> _Work task_:
Please reproduce exactly, and only, the lines from the one with "Anugul (34 km)" through the last line of the listing below, both ends included, leaving out the pictures.

Record excerpts section start

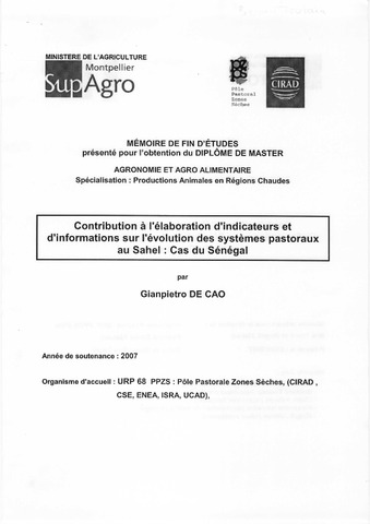 De Cao Gianpietro. 2007. Contribution à l'élaboration d'indicateurs et d'informations sur l'évolution des systèmes pastoraux au Sahel : cas du Sénégal. Montpellier : Montpellier SupAgro, 59 p. Mémoire de fin d'études : Agronomie et Agroalimentaire. Productions Animales en Régions Chaudes : Montpellier SupAgro Centre international d'études supérieures en sciences agronomiques
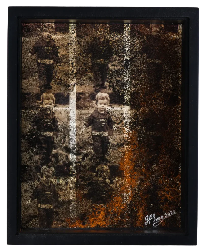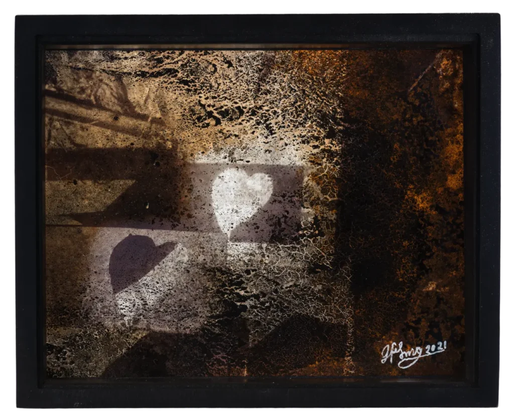 Valentine, Iron Byproduct, Carbon and Sumi Ink on Photo Paper, 9 x 11 x 2 inch, 2021
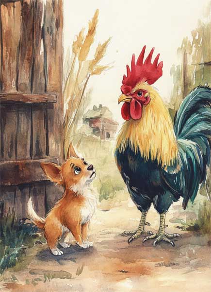 Зато его заметил дворовый забияка петух Пётр.
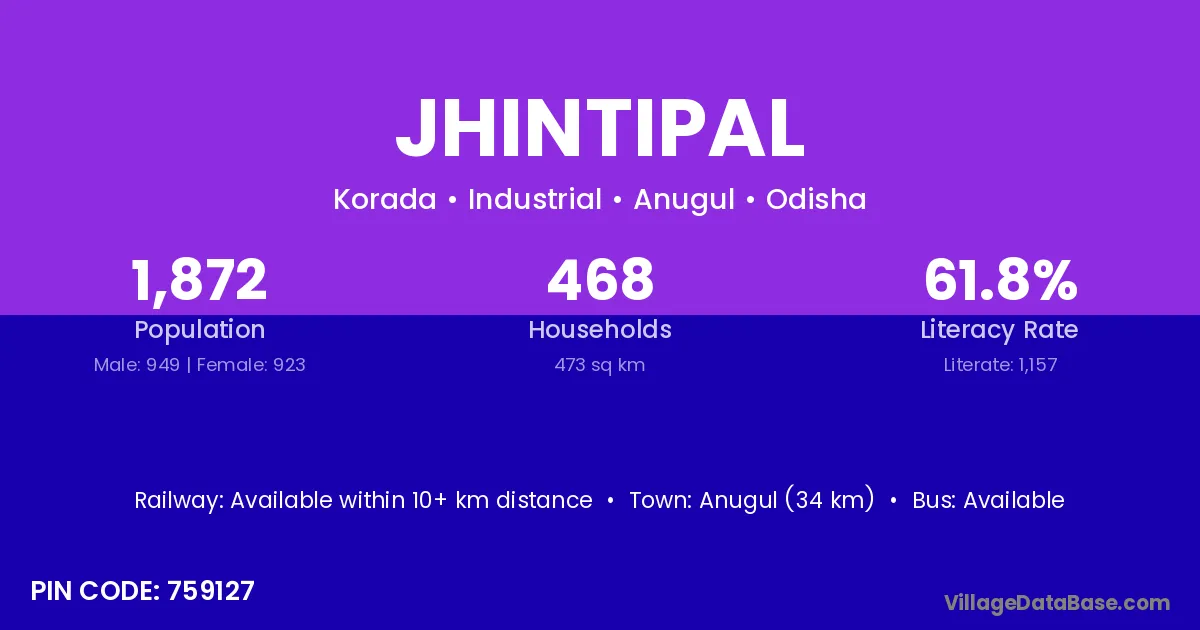 Anugul (34 km) is the nearest town to Jhintipal village for major economic activities and is located approximately 34 km away.
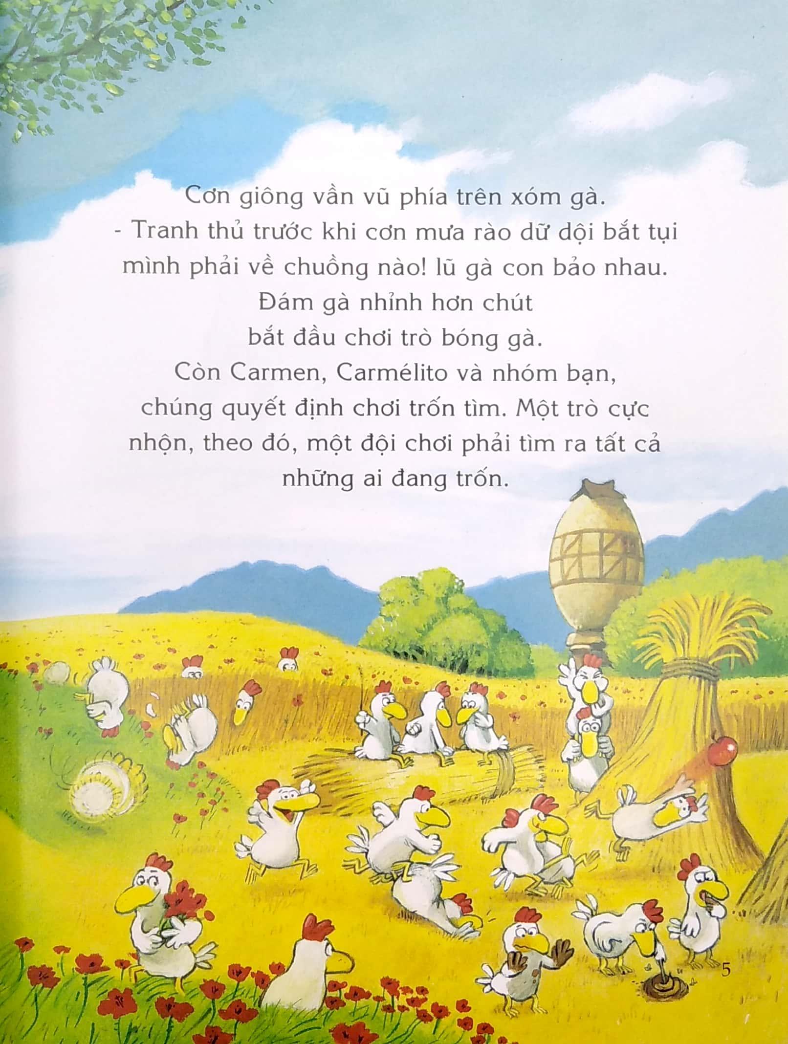 Đám gà giò lời qua tiếng lại, bạt tai, giật mào, thụi thẳng cánh và cuối cùng là ẩu đả, trong khi ba con cáo nhí đáng sợ đã bắt cóc Carmentino cùng các bạn.
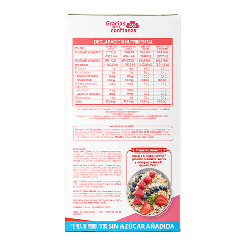 Avena Instantánea Integral 0 % Azúcar* 280 g
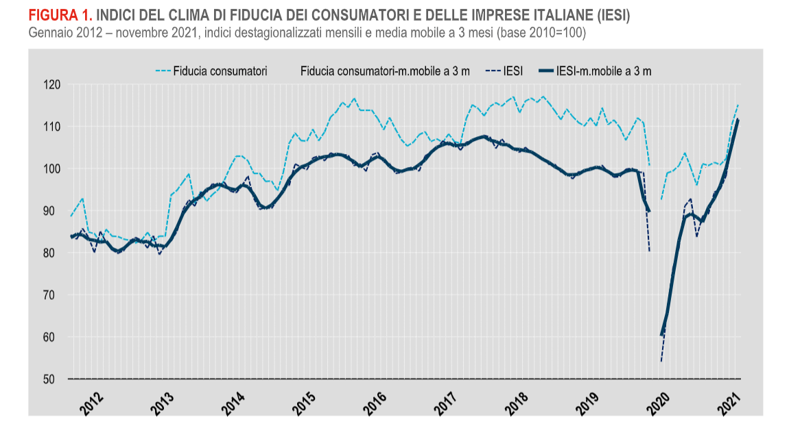 A novembre l’indice che riflette il clima di fiducia dei consumatori torna a registrare una lieve flessione, mentre l’indice composito del clima di fiducia delle imprese fa segnare un leggero rialzo e resta su livelli da record.

Record excerpts section end

> _Solution to this problem_:
 Anugul (34 km) is the nearest town to Jhintipal village for major economic activities and is located approximately 34 km away.
 Đám gà giò lời qua tiếng lại, bạt tai, giật mào, thụi thẳng cánh và cuối cùng là ẩu đả, trong khi ba con cáo nhí đáng sợ đã bắt cóc Carmentino cùng các bạn.
 Avena Instantánea Integral 0 % Azúcar* 280 g
 A novembre l’indice che riflette il clima di fiducia dei consumatori torna a registrare una lieve flessione, mentre l’indice composito del clima di fiducia delle imprese fa segnare un leggero rialzo e resta su livelli da record.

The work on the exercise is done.